TASK INSTRUCTIONS: Scan the records below for the line with "Обещали догнать ведущие" and the line with "Purple Wave is", and retype that range exactly, both ends included, pictures excepted.

DATA SUPPLIED:
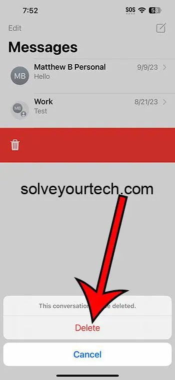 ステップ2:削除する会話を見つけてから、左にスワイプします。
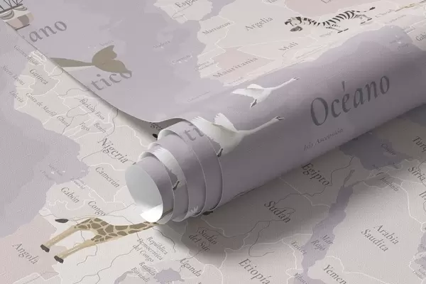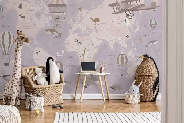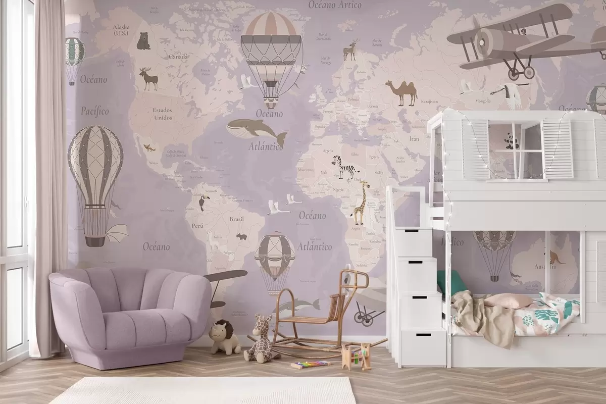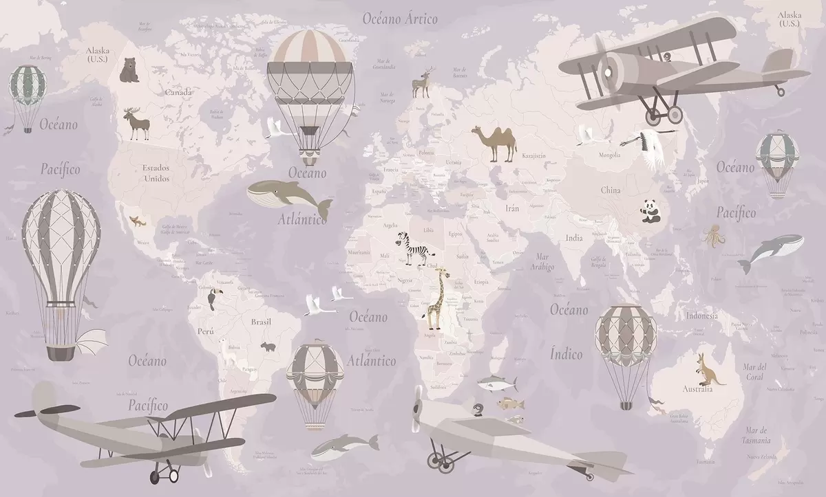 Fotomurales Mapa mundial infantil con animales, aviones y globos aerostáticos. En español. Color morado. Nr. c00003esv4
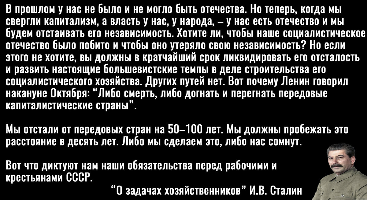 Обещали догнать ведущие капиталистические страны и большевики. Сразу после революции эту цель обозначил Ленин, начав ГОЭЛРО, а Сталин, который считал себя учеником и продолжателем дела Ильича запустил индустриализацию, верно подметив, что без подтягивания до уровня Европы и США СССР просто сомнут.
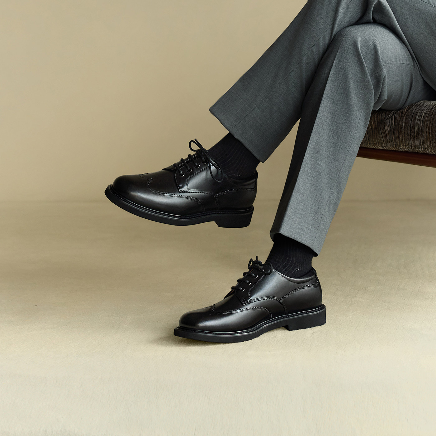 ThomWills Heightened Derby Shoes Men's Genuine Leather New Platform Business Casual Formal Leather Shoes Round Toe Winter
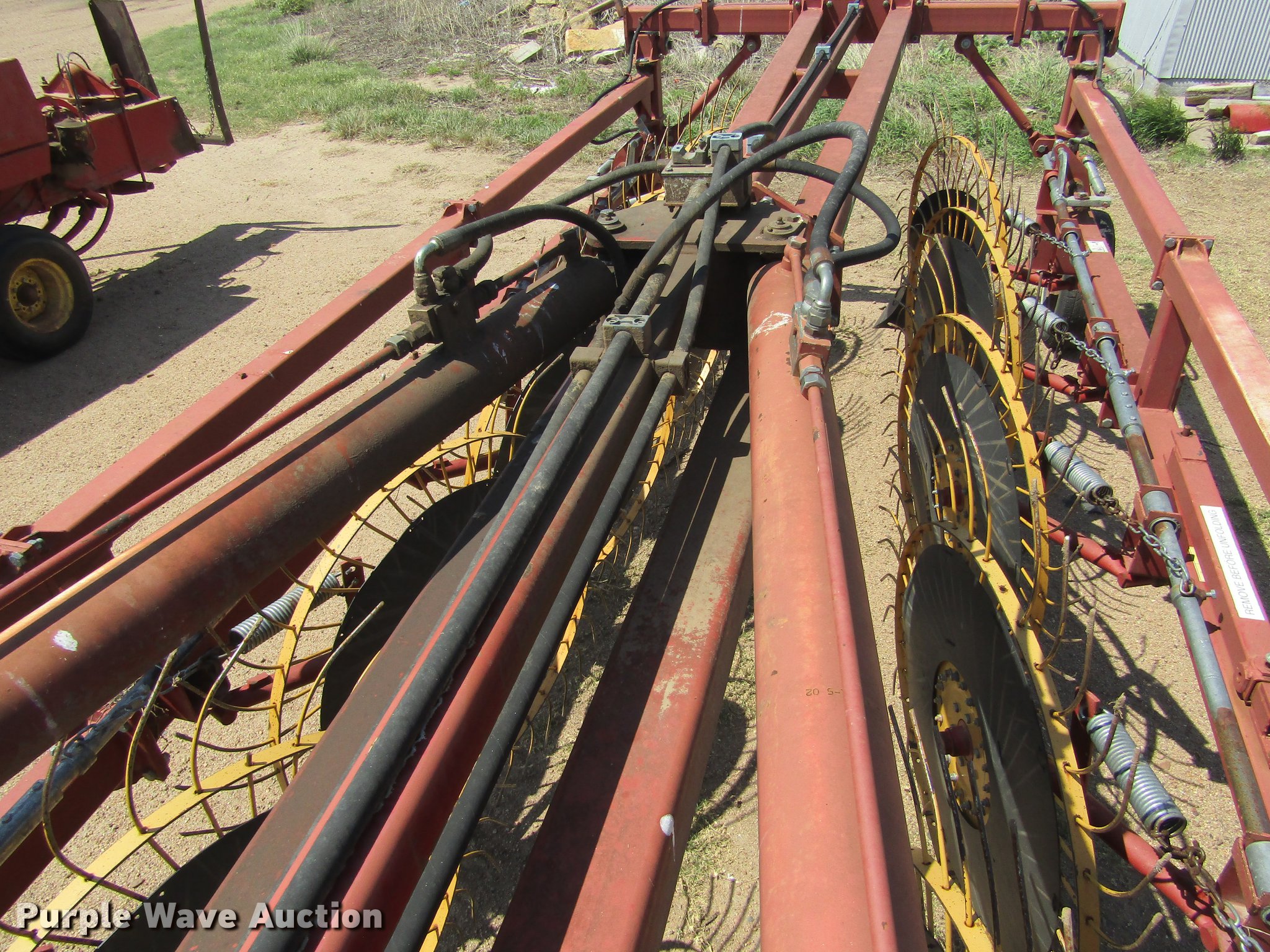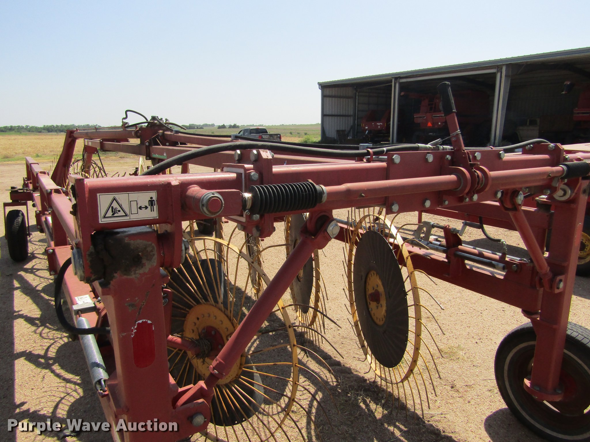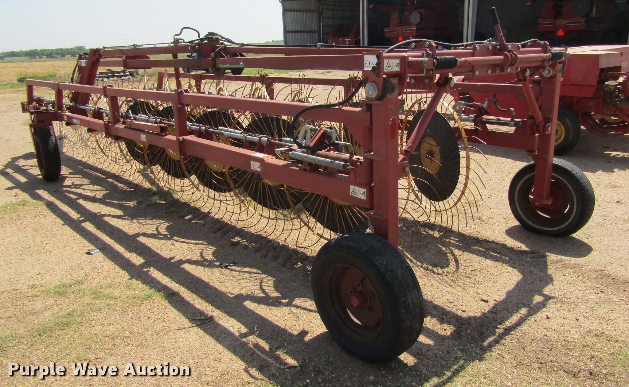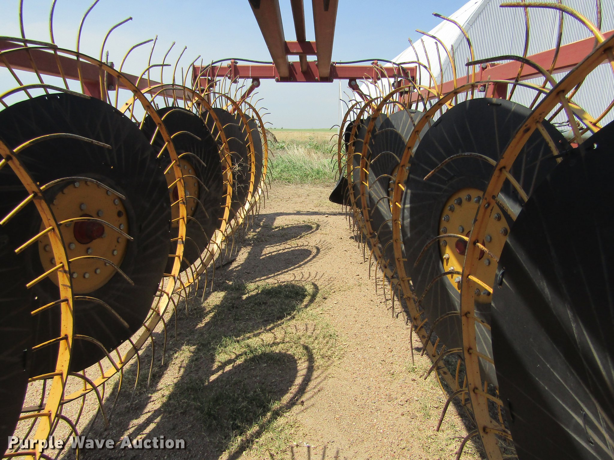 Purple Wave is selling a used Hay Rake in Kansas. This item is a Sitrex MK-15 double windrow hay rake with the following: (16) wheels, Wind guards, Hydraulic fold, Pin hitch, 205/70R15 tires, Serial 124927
---
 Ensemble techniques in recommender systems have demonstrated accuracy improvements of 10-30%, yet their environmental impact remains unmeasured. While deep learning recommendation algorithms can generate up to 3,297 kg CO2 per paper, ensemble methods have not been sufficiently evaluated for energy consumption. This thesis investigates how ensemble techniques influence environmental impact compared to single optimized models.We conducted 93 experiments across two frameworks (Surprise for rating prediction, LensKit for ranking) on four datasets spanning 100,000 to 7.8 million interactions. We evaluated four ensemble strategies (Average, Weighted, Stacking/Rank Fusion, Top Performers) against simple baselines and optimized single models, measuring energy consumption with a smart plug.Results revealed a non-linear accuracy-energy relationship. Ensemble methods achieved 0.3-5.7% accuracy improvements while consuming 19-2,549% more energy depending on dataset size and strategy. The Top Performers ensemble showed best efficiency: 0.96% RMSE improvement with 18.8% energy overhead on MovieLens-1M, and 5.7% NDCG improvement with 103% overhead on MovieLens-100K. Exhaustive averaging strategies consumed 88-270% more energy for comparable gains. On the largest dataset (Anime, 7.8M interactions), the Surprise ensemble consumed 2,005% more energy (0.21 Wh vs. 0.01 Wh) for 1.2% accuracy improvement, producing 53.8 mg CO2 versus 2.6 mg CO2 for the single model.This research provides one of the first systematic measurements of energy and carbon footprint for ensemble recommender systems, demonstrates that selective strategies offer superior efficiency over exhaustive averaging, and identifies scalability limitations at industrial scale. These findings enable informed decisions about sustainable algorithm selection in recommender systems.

EXERCISE SOLUTION:
 Обещали догнать ведущие капиталистические страны и большевики. Сразу после революции эту цель обозначил Ленин, начав ГОЭЛРО, а Сталин, который считал себя учеником и продолжателем дела Ильича запустил индустриализацию, верно подметив, что без подтягивания до уровня Европы и США СССР просто сомнут.
 ThomWills Heightened Derby Shoes Men's Genuine Leather New Platform Business Casual Formal Leather Shoes Round Toe Winter
 Purple Wave is selling a used Hay Rake in Kansas. This item is a Sitrex MK-15 double windrow hay rake with the following: (16) wheels, Wind guards, Hydraulic fold, Pin hitch, 205/70R15 tires, Serial 124927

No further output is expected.